Figure 1. Active replication with voter
Active replication with voter
Passive replication -- Primary backup
The essential idea of the primary backup replication technique is that at any given instant one server acts as the primary server and does all the work. If the primary server fails, the backup server takes over. Passive replication has two parts. One is passive replication with state update and the other one is passive replication without state update. In the "with state" update scheme, the primary and backup servers update their states simultaneously. Figure 2 shows a simple primary backup system with state update.

Figure 2. Simple primary backup system with state update
Simple Primary Backup System with State Update

As shown in Figure 2, the client sends a request to the primary server (1). The primary server does its work (2) and updates that work on the backup server (3). If the backup server updates its work successfully (4), an acknowledgement (5) will be sent to the primary server. After receiving the acknowledgement, the primary server will compare (6) and send a reply (7) to the client. If the primary server goes down, all requests will be forwarded to the backup server. Since both maintain the same state, there is no need to update the state of the backup server.

In the case of passive replication without a state update scheme, the primary server will not update the backup frequently. The backup has to do a warm start, or otherwise the process would be a stateless process. When the primary server goes down, the backup server will come into the action.


Why is a fault-tolerant system required for Web services?

Web services often suffer from long response times or temporary non-availability. For certain Web-based applications, such as online banking, stock trading, reservation processing, and shopping, such outages are unacceptable. Fault-tolerant techniques can be used to address these problems; however, keep in mind that the concept of fault tolerance is totally different from Reliable Messaging (RM) in Web services. In RM, both client and sever are aware of the protocol and act upon it. In a fault-tolerant situation, the client might not know what is actually happening with the application server; rather, it might only be aware that the server side has implemented a fault-tolerant functionality.

Note:

On the client side, if you have RM support, such as Apache Sandesha, it will handle the message resending so that the client does not need to resend the messages by itself. In this particular case, the client has to be aware of what is happening on the server side, but providing a fault-tolerant system makes the user's (client's) job easier.

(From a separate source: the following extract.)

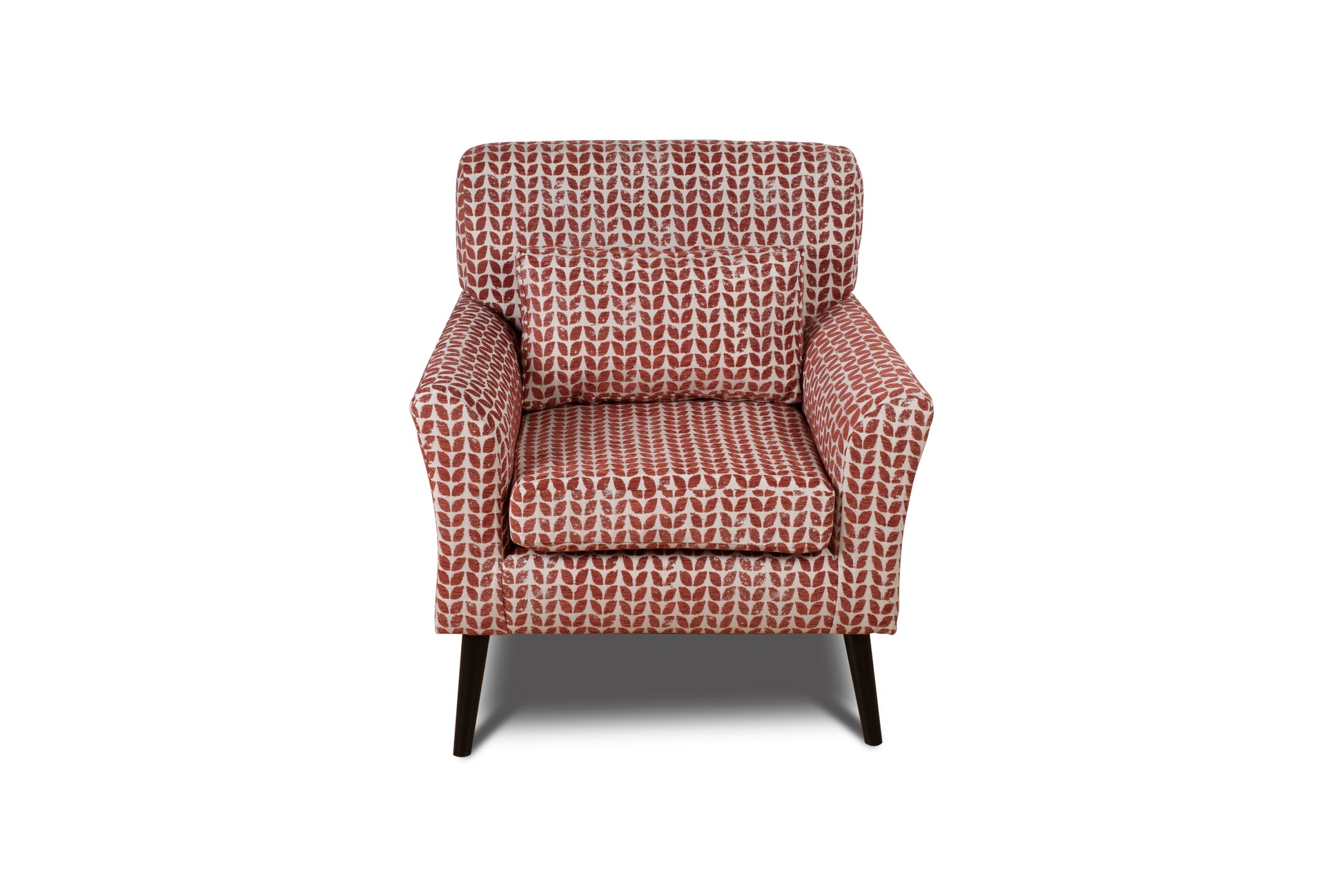 Bursting with personality and mid-century charm, this piece brings a touch of artisan flair to any corner of the home. The terracotta patterned upholstery adds warmth and texture, while its gently flared arms and tapered legs nod to classic retro design. Plush cushioning and a matching lumbar pillow make it as comfortable as it is stylish — a perfect balance of form and function.

Almost all the Web service utilizations are based on Simple Object Access Protocol (SOAP) messages (there are a few based on REST (Representational State Transfer)), but also to be considered are the SOAP-based Web services it lacks from a fault-tolerant capability. There are numerous fault-tolerant systems for real-time applications, but finding a fault-tolerant system for Web services is not an easy task. The major problems faced by clients who use SOAP to access a Web service are service non-availabilities and request resending. When a client sends a request and the server fails while the request is being processed, the client will be disconnected and won't receive the preferred response at all. The client will receive either a connection timeout exception or a socket closed exception. Following this, the client has to resend the SOAP request to access the service. Such undesirable situations can be prevented by the use of a fault-tolerant system for SOAP-based Web services.


Client-transparent and non-transparent fault tolerance

In FAWS, there are two techniques called "client-transparent fault tolerance" and "non-transparent fault tolerance". In the case of client-transparent fault tolerance, the client sends the request and waits for the response -- the logic is handled on the server side, as shown in Figure 3. In the case of non-transparent fault tolerance, the client has a list of service providers and sends the request to the first one. If the client receives a desired response, then everything is fine. But if the client gets a SOAP fault or a transport-level fault (such as HTTP 500), he or she will send the request to the next service provider on the list until the desired responese is obtained, as shown in Figure 4 below.


Figure 3. Client-transparent fault tolerance
Client-transparent fault tolerance
  1. The client sends the request to the published EPR (endpoint reference) for a given service provider.
  2. The application server (having FT functionality) forwards it to one of its application servers.
  3. That application server returns a fault (can be SOAP fault or transport fault).
  4. The same request is forwarded to another application server.
  5. It gives the desired output.
  6. It then sends the response to the client.

Figure 4. Non-transparent fault tolerance
Client non-transparent fault tolerance
  1. The client sends a request to the first EPR on the list.
  2. The application server gets an error from that EPR.
  3. It sends the same request to a different EPR on the list.
  4. It then gets the desired response.

The architecture of FAWS

FAWS is totally based on a distributed object architecture. It consists of several components that operate independently of each other in a distributed network. FAWS guarantees full availability of the whole system, even in a single component failure. This distributed architecture lowers the risk of a complete system failure. It is based on passive replication without state update and provides client-transparent fault tolerance behavior.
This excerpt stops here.